Notes on Allergies
Here in Austin we have an abundance of monstrously overgrown weeds known as cedar trees, and roughly 3 months of each year they set about their life’s work polluting with pollen that brings about an endless fever. Symptoms are akin to a certain virus that sent the world into hibernation in 2020, and we might do that here, if not for the necessity of life-giving air, needed everywhere.
I’m one of the unlucky ones blessed with an annual sinus infection or ER visit, that was until I found the appropriate flushes and sprays keeping my airways prepped to prevent such disasters. Perhaps no small coincidence that since I quit smoking in 2015 and started this routine, I’ve been breathing easier. Cedar be damned, even the hippies might help me raze the lot.
Cats on the other hand, I really enjoy. Coy and playful, with just the right amount of mischievousness to know we’re kindred. Problem is, I’m also violently allergic, with any close encounter ending in weeping fits of sneezing. The thing about cats is they are tremendously curious about any unsuspecting person who takes the least interest in them, which makes me a prime target for their amusement. Knowing this, I have options - strategically avoid, pet/scrub/pay anyway, or pre-medicate. Playing with fire, but at least we’ve reached an understanding.
Illness isn’t always so easy to identify and treat. I was raised in a home where depression is a failure of will, faith, or fortitude, as in go to your room until you fix your attitude. And if all else fails, FEAR can compel the saddest sinner to survive. There were junctures when I could have been medicated, should have been medicated, but even the dimmest realities hold light when we’ve never known the world brighter.
This is perhaps how we played hopscotch with healthcare during The Pandemic, trying to make sense of a catastrophe too great to be named, rough beginnings without end, from infection of our bodies to the troubled hearts and minds following sadly in their wake.
Depression is something like that - onset distinctly ringing as clouds cover all understanding, rarely noticing its delicate departure. And yet, the seasons change.
I exhausted every rational option before landing on the most obvious one - take your fucking medicine. No brows raised at Advil on a headache, or chemo for your cancer. There are a few ways to skin a cat, but when you’re in crisis, we do what works.

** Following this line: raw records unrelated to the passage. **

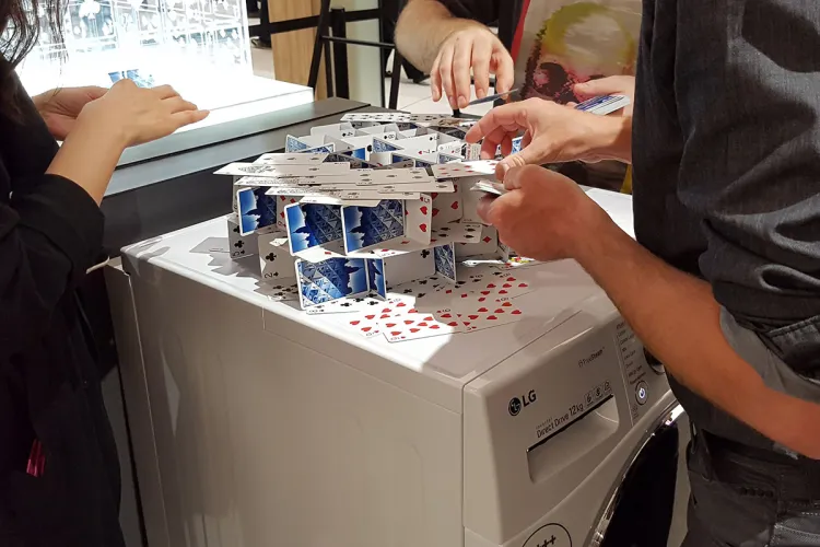 Ha ezt a kijelentést vennénk alapul, akkor nyugodtan kijelenthetnénk, hogy az LG standján nem csak épeszű emberek dolgoznak – de valójában persze egészen más okból épült kártyavár az év elején, a gyártó CES-en bejelentett Signature termékcsaládba érkező mosógépe tetejére.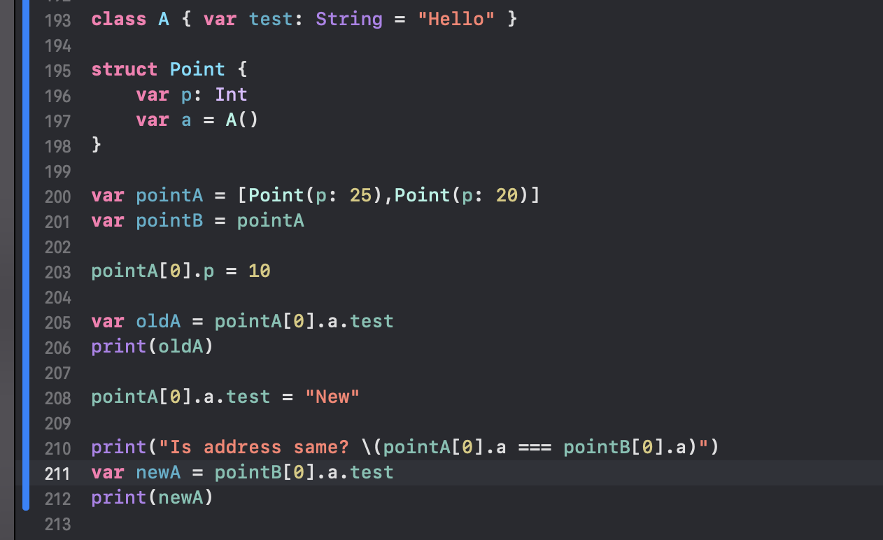 인스턴스에 새로운 타입을 할당한것이 아니라 기존에 pointA 내부에 있는 a 프로퍼티의 A class타입으로 참조가 되었기때문에 같은 주소를 가르키고 있는 것이다.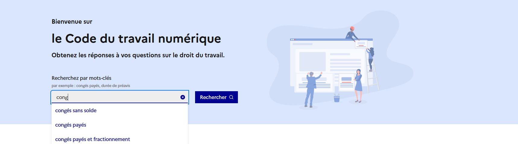 Le Code du travail numérique est un service public en ligne, gratuit, issu des ordonnances sur le renforcement du dialogue social de 2017 et mis en ligne le 1er janvier 2020.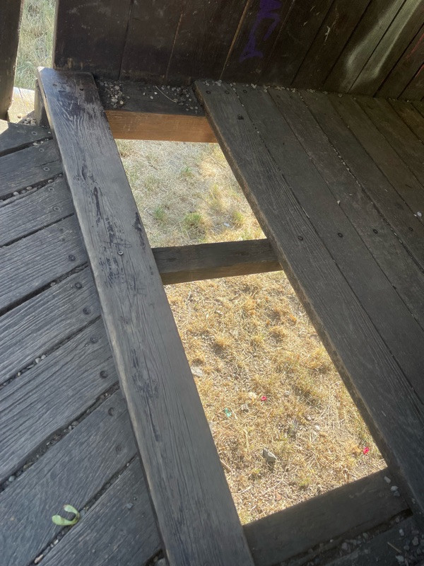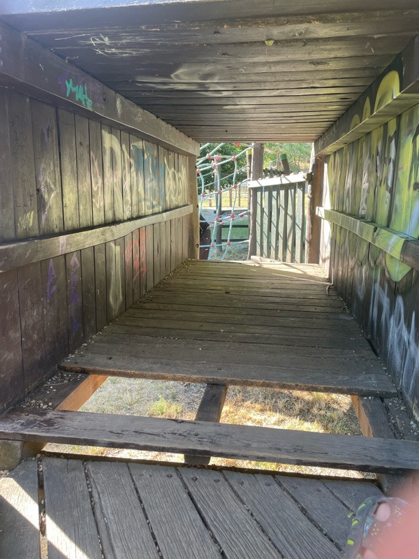 Chybějící desky v tunelu, je tam díra. Hřiště na kopci u velké skluzavky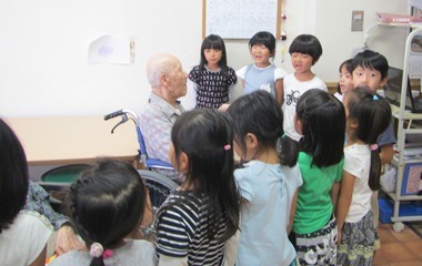 5歳児の子どもたちが隣の特別養護老人ホームを訪ねました。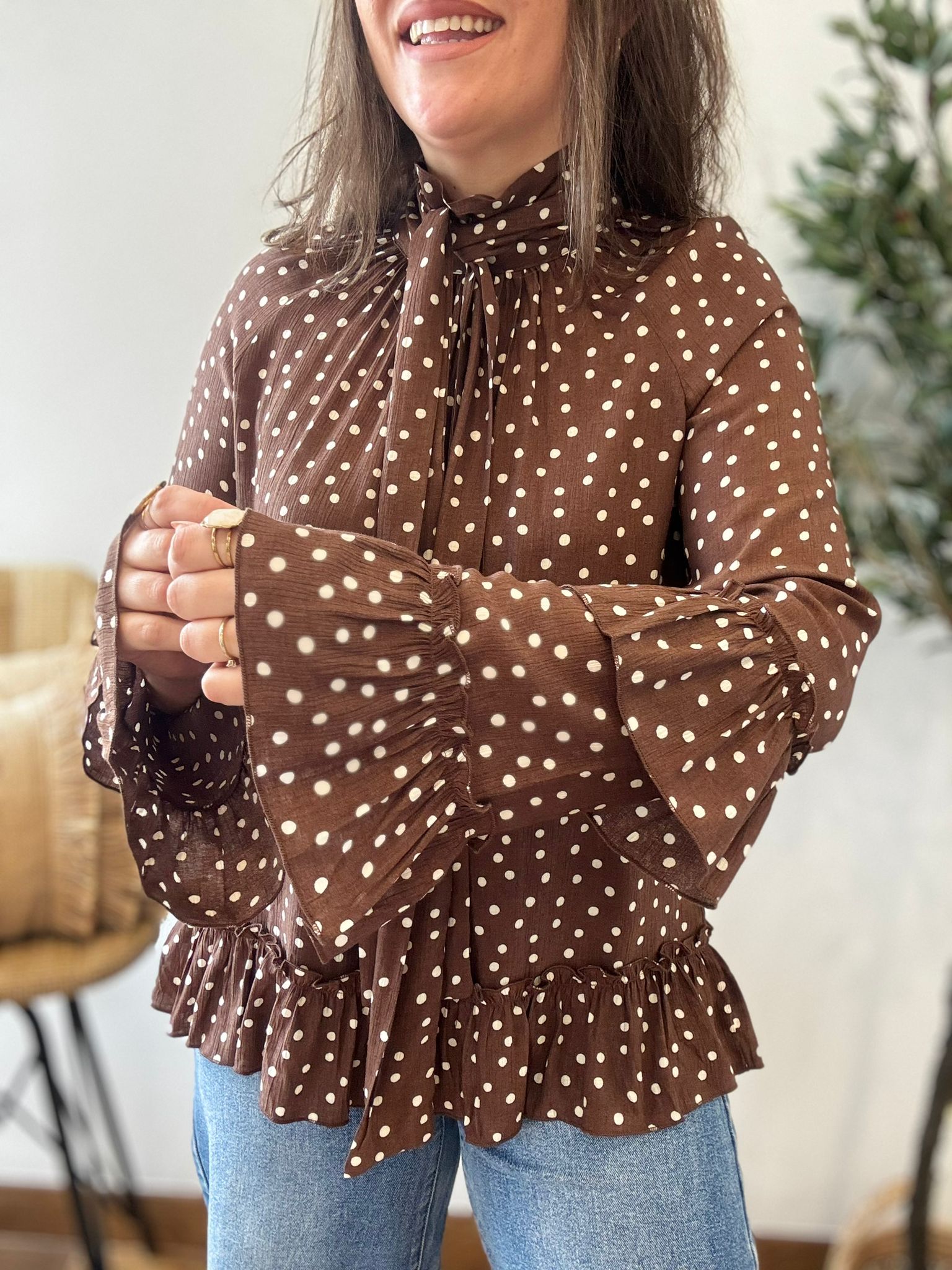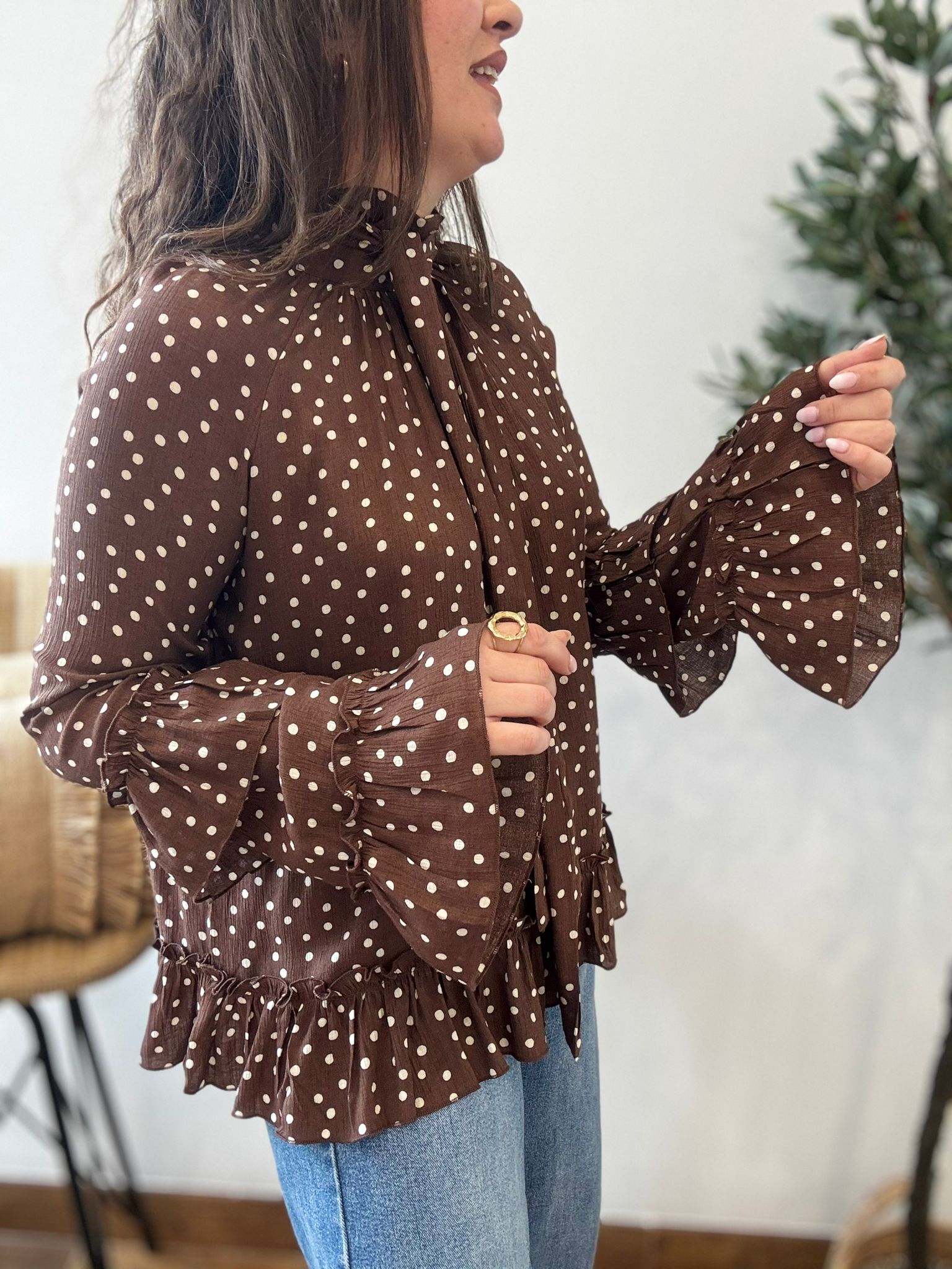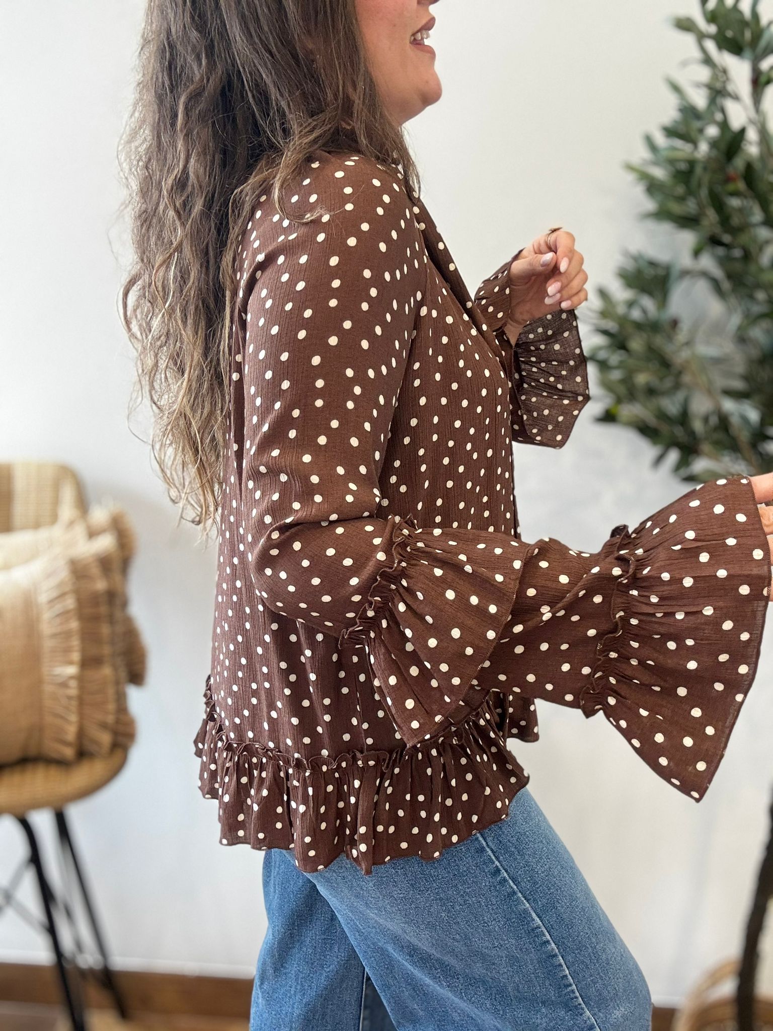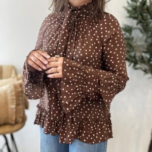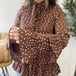 Blusa LUNARES y volantes chocolate

Wholeness requires full health - body, mind, and spirit. Crisis averted, setting myself to complete recovery requires renewed energy. Rather than running into the wind, I get to fly with it, making space for fresh ideas blossoming wildly in new places. Here I will reap what I sow, rooting out weeds before overgrown. With silver bells and cockleshells, visions of new life emerge as God intended - healing, helping, whole.
“The camera may record exactly, but it can set down only what its operator sees, and we see what we want to see.”